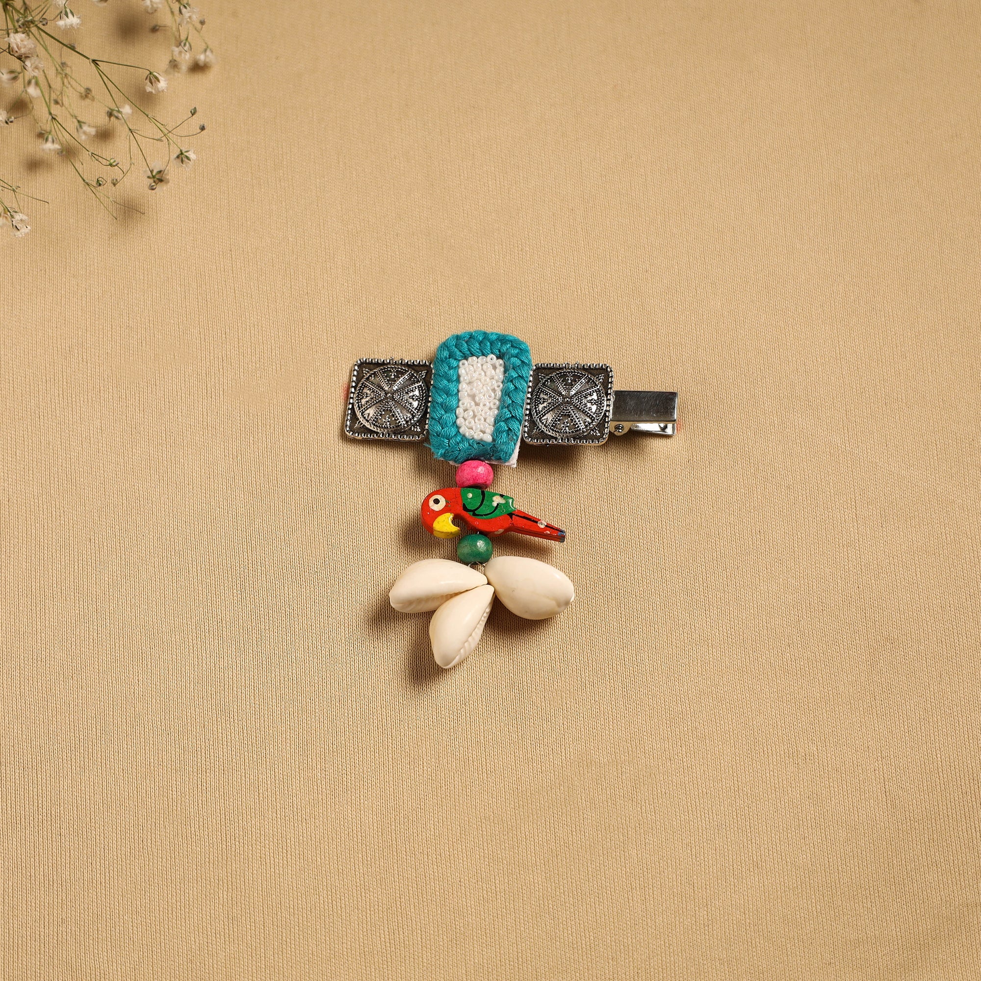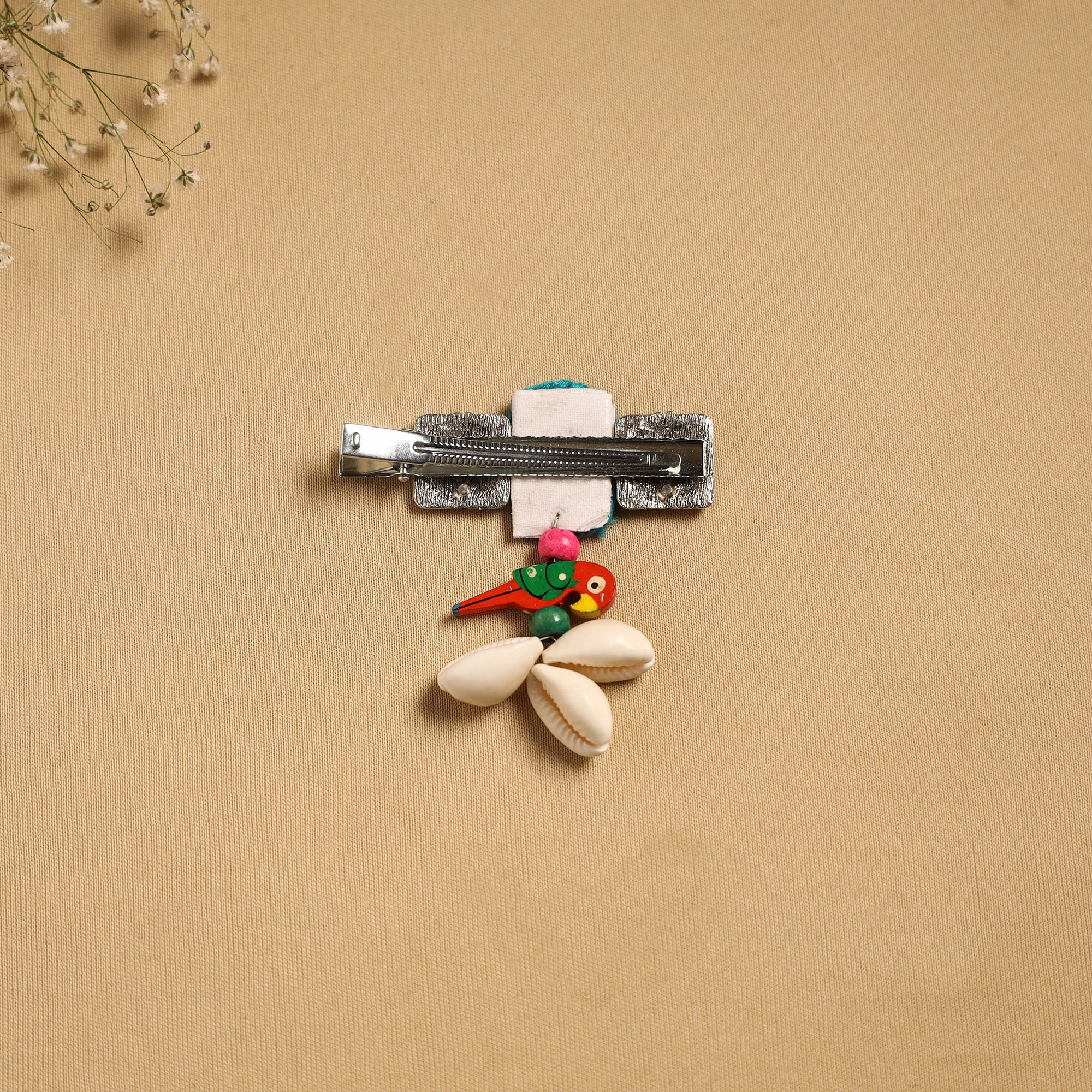 Handmade hair clip adds a graceful touch to your hairstyle. Features intricate artistic details that may include german silver, thread, shells bead work or other decorative elements, reflecting the unique creativity of the maker.
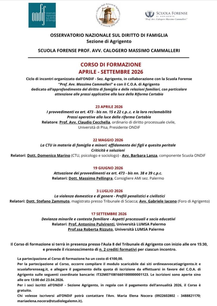 “Prof. Avv. Calogero Massimo Cammalleri” e dall’ONDIF – Sezione di Agrigento, è volto all’approfondimento del diritto di famiglia e delle relazioni familiari, con particolare attenzione alle prassi applicative alla luce della riforma “Cartabia”.
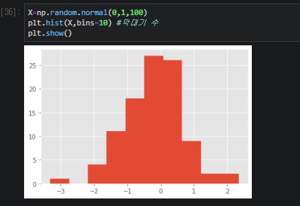 plt.hist() 은 히스토그램
★ ★ ★ ★ ★ ★ ★
In your transcription of the listing above, match each line exactly and include no pictures.

 Handmade hair clip adds a graceful touch to your hairstyle. Features intricate artistic details that may include german silver, thread, shells bead work or other decorative elements, reflecting the unique creativity of the maker.
 “Prof. Avv. Calogero Massimo Cammalleri” e dall’ONDIF – Sezione di Agrigento, è volto all’approfondimento del diritto di famiglia e delle relazioni familiari, con particolare attenzione alle prassi applicative alla luce della riforma “Cartabia”.
 plt.hist() 은 히스토그램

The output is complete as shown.